Egypt’s IMF Review Faces Food and Energy Stress
The IMF is monitoring how the Middle East conflict is feeding into energy costs, fertilizer shipments, and food security, just as Egypt seeks progress on the latest reviews of its IMF supported program.
The key issue is no longer only external financing. It is how higher energy, freight, and fertilizer costs could pass through into food prices, fiscal pressure, and Egypt’s import bill.
Key insights:
- Egypt could access around USD 1.6 billion if a staff level agreement is reached under the latest IMF review discussions, providing an important external liquidity buffer.
- The new review follows February’s completion of the fifth and sixth IMF reviews, which allowed Egypt to draw about USD 2.3 billion under the EFF and RSF framework.
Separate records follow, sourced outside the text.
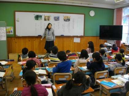3組は校外学習に向けて準備をしています。1年生は,「たぬきの糸車」の音読練習をはじめました。
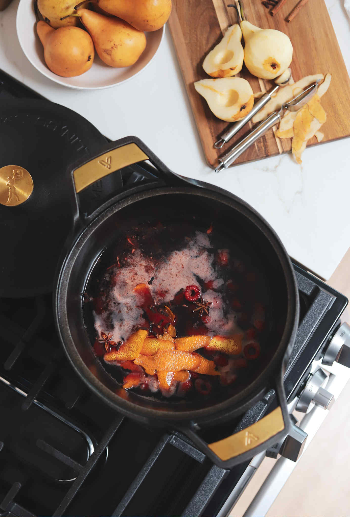 - In a non-reactive pot or well seasoned cast iron, combine 600 ml of merlot with the peel from a small oranges, 2 small cinnamon sticks, 1-2 star anise, 8 whole cloves, 1/3 cup of brown sugar, 1/2 cup of orange juice, 2 teaspoons of pure vanilla extract and an optional 6 ounces of fresh berries
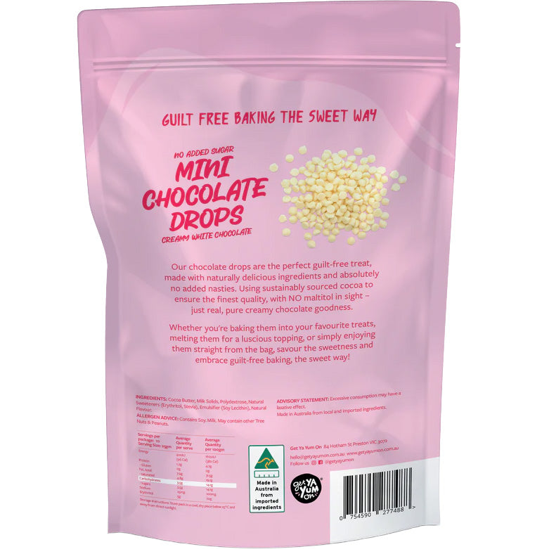 Our Sugar Free Mini White Chocolate Drops are the perfect guilt-free treat, made with REAL creamy white chocolate with absolutely NO ADDED NASTIES. Using sustainably sourced cocoa to ensure the finest quality with NO Maltitol in sight and no weird aftertaste! Whether you're baking them into your favourite treats, melting them for a luscious topping or simply enjoying them straight from the bag savour the sweetness and embrace guilt-free baking the sweet way!

- The IMF warned that fertilizer price increases can take around six months to feed through into food prices, creating delayed pressure on agriculture, crop yields, and household costs.
- Fertilizer risk is becoming more global. Around 25 to 30 percent of world nitrogen fertilizer exports normally pass through the Strait of Hormuz.
- Egypt’s exposure is high because food, fuel, and fertilizer costs directly affect subsidies, imports, inflation, and foreign currency needs.
- External financing remains critical, with estimates pointing to about USD 36.3 billion in external debt repayments and interest due in H1 2026.
The main takeaway is that IMF support is becoming more important as a stabilization anchor. For Egypt, the next review is not only about unlocking funding. It is about preserving confidence while energy shocks, fertilizer disruption, and food security risks test fiscal discipline and external liquidity.